Tal vez sirva de algo reconocer la intuición de que en nuestra condición ordinaria, vivimos encapsulados creyendo ser únicamente el yo desde el que actuamos comúnmente, y cuántas dificultades ofrece el camino de desasirse desde fuera de tal egocéntrica identidad. En realidad, las horas de silencio y compromiso con ese desasimiento, son el llamado camino espiritual, el camino de la relativización del yo, que no de la negación del mismo. Un yo egoico que no es otra cosa que un organizador del conocimiento, algo tan simple y funcional, y a la vez tan hipnótico como atrofiante.

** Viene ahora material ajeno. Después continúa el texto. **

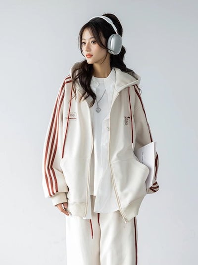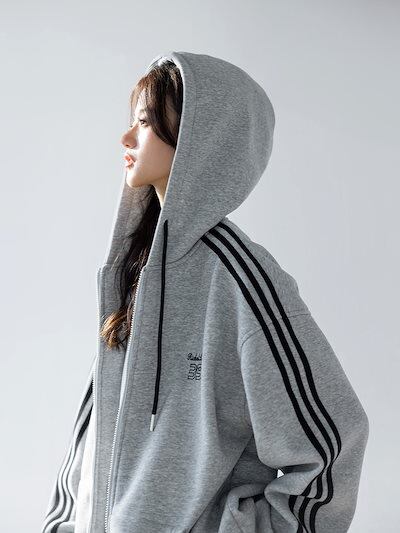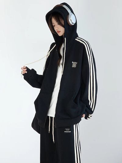 2024 秋冬 2点セット トップスパーカー フード付き チャック韓国羽織り ショート丈 フルパーカー ルーズ サイド上下ボトムス ストレート系冬 ゆったりサイズワイドシルエットリラックストラック

A este punto de desidentificación puede reducirse la doctrina espiritual de la humanidad, al reconocimiento de lo que no somos en realidad, y tras la insospechada vivencia de…., el retorno al vacío radiante y creador, un vacío que como pura conciencia revela la perfección que tan solo los místicos de todos los tiempos han señalado con unanimidad.
Mientras llega el despertar, ¿qué podemos hacer para vivenciar ésta Unidad?
Gran Koan, tal vez ni depende de lo que llamamos yo.
Ahí pues estamos unos y otros, subiendo la montaña, y querámoslo o no, unos lo hacen con un grado de consciencia y otros con los ojos vendados.